5.5 Допускается применение других средств измерений, посуды, вспомогательного оборудования, не уступающих вышеуказанным по метрологическим и техническим характеристикам и обеспечивающих необходимую точность измерения, а также реактивов, питательных сред и материалов по качеству не хуже вышеуказанных.

6 Подготовка к проведению анализа

6.1 Подготовка лабораторных помещений

6.1.1 Помещения лабораторий, в которых проводят ветеринарно-санитарный анализ, содержат в чистоте, регулярно проводя их гигиеническую уборку и обработку с применением дезинфицирующих средств.

Дезинфекцию воздуха проводят проветриванием, продолжительностью не менее 30-60 мин. Перед проведением анализа и после гигиенической уборки включают бактерицидную лампу на 60 мин.

6.1.2 Пол, стены и мебель периодически обрабатывают пылесосом и протирают растворами дезинфицирующих веществ (см. приложение А).

6.1.3 Рабочий стол до начала и после анализа дезинфицируют раствором хлорамина, а также 70%-ным (по объему) этиловым или изопропиловым спиртом. Раствором спирта также дезинфицируют руки.

6.2 Стерилизация посуды, инструментов, материалов и питательных сред

6.2.1 Посуда, инструменты и материалы, используемые при ветеринарно-санитарном анализе, должны быть стерильными.

6.2.2 Стеклянную посуду обеззараживают стерилизацией сухим жаром в сушильных шкафах при температуре 165°С-170°С в течение двух часов. Следует учитывать, что повышение температуры более 170°С вызывает разрушение ватных пробок и бумаги.

6.2.3 Посуду перед стерилизацией тщательно моют водопроводной водой, новую посуду предварительно кипятят в течение 15 мин в мыльной воде. При сильном загрязнении посуду кипятят еще в течение 10-15 мин в 10%-ном растворе соляной кислоты и снова ополаскивают водопроводной водой.

6.2.4 Перед стерилизацией стеклянную посуду (колбы, пробирки) закрывают ватными пробками, которые обвязывают плотной (пергаментной, крафт) бумагой. Чашки Петри кладут одна на другую по три-пять штук на середину листа плотной бумаги, два противоположных края которой загибают. В плоские (верхние) концы пипеток вставляют ватные тампоны. Пипетки и шпатели стерилизуют завернутыми в бумагу или в футляре (пенале) для стерилизации. По окончании стерилизации сушильный шкаф не открывают до снижения температуры до 75°С-100°С, так как под действием холодного воздуха стекло может лопнуть.

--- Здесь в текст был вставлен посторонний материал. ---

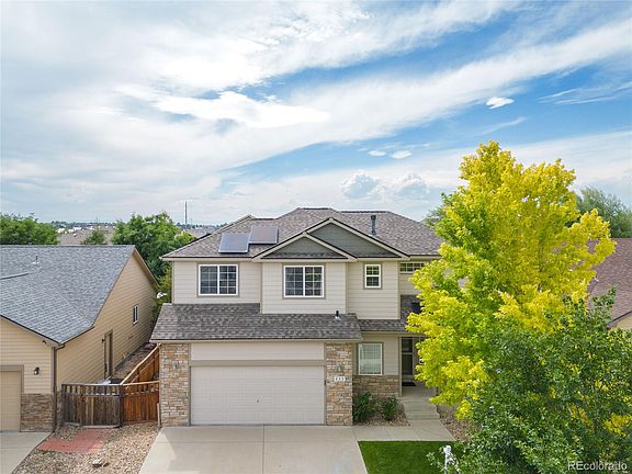 Nestled in the desirable Silver Peaks subdivision, this well-maintained two story home includes a rare finished basement! The front exterior greets you with a beautiful maple and a cozy front porch overlooking a wide street. Upon entering, enjoy a massive living room with vaulted ceilings, a recently finished gas fireplace, and plenty of sunlight. The laundry room is conveniently located on the top floor along with 3 spacious bedrooms, a full bath, and a 5 piece primary ensuite with a large walk-in closet. The finished basement provides ample space for an extra living room and bedroom while offering rough-in plumbing. The two car garage has built in shelving and an extra workspace or storage nook. The backyard is lined with aspens and thoughtful landscaping, a shed with solar lighting, and an above ground pool/hot tub (inclusions or exclusions). Recent upgrades include: refrigerator (see private remarks), hot water heater, ceiling fans, interior paint in multiple rooms, smart thermostat, bathroom fixtures, main level flooring, and roof (2019). Several parks including Ramada Park are within walking distance. King Soopers and Prairie View Shopping Center are a short drive to meet all your daily needs. Solar panels are owned and paid off.

6.2.5 Мелкие металлические инструменты (иглы, пинцеты, петли, ножницы), а также стеклянные палочки, горлышки колб, пробирок, бутылок стерилизуют прокаливанием (фламбированием) в пламени горелки непосредственно перед использованием. Также в пламени горелки кратковременно обжигают ватные пробки при пересеве культур и разливе сред.

6.2.6 Питательные среды и другие лабораторные материалы стерилизуют насыщенным паром под давлением (автоклавированием), так как при этом способе стерилизации погибают как вегетативные клетки, так и споры микроорганизмов.

6.2.7 Перед стерилизацией питательных сред посуду (колбы, бутылки, пробирки) заполняют на половину объема и закрывают ватными пробками, а сверху плотной (пергаментной, крафт) бумагой и обвязывают шпагатом, что позволяет избежать увлажнения пробок водой, сконденсировавшейся на внутренней поверхности крышки автоклава. Нельзя обертывать пробки сосудов целлофаном, фольгой и другими материалами, не пропускающими пар. Длительность и температура стерилизации определяется составом питательной среды, химическим составом материала и целью анализа.

6.2.8 Способы стерилизации питательных сред, посуды, полиэтиленовой пленки и других лабораторных материалов, а также зависимость продолжительности стерилизации жидкостей от вместимости посуды приведены в приложении Б.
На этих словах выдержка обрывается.